Il ne m’a fallu que 10 minutes pour trouver une personne dans mon réseau prête à m’inviter.

Il s’agissait de Jean-Patrice Rémillard, un musicien de mes amis. Il voit dans cette app un beau potentiel: «Je pense que Clubhouse va devenir un gros joueur. Il y a un besoin criant de communauté actuellement, et cette app est cool, car on n’est pas dans le paraître, comme avec Instagram. Ce qui rend les gens intéressants sur Clubhouse, c’est la qualité de leurs propos.»

En ouvrant l’app, on est invité à sélectionner nos intérêts, puis on nous suggère des personnes à suivre. Rapidement, on se retrouve avec une liste de «conversations» à écouter en direct.

Je suis tombé sur un panel auquel participait Marc Randolph, l’un des fondateurs de Netflix. Il donne aujourd’hui des conférences sur la gestion d’entreprise. 1500 personnes écoutaient avec moi ce qu’il avait à dire et pouvaient lui poser des questions.

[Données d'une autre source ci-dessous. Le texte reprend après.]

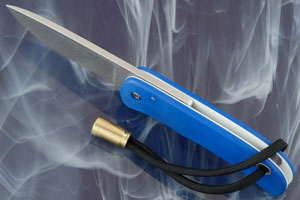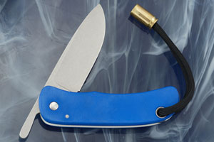 The Sakman Pointer is a custom made EDC friction folder. This one is equipped with a blue G10 handle and a stonewashed drop point blade. The simple, straightforward design offers a dependable tool for any cutting chore. It has an integral lever opener which doubles as a locking device when held down with your thumb in the open position. A paracord lanyard and a shell casing bead complete the design. Because this knife does not have a lock, it is legal in most destinations and is perfect for traveling.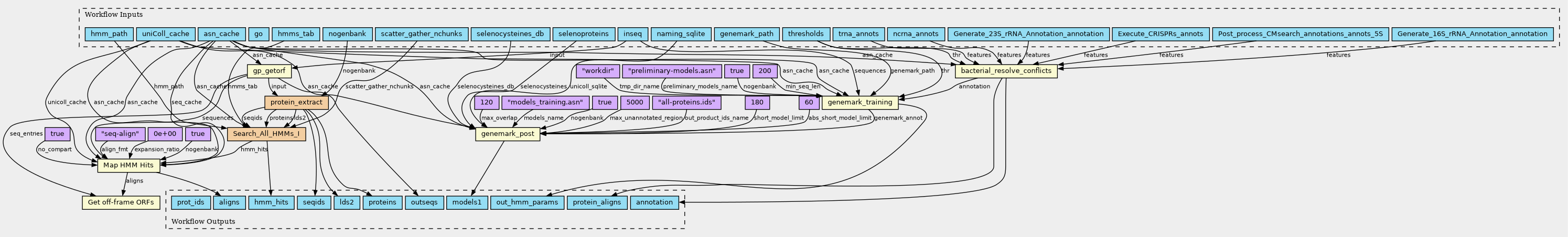 Workflow: Bacterial Annotation, pass 1, genemark training, by HMMs (first pass)

En faisant défiler la liste des conversations, baptisées «Rooms», j’ai vu des discussions sur une panoplie de sujets, y compris un débat sur «Star Wars vs. Planet of the Apes». On trouve aussi beaucoup de consultants qui prodiguent des conseils à propos du carré de sable qu’ils connaissent – ventes, marketing ou ressources humaines.

En revanche, je n’ai trouvé aucune discussion en français.

Il semble donc y avoir là une occasion à saisir pour les influenceurs francophones souhaitant investir une plate-forme émergente.

Reste aussi à trouver un modèle d’affaires viable pour cette idée. Ça viendra assez vite, n’ayez crainte…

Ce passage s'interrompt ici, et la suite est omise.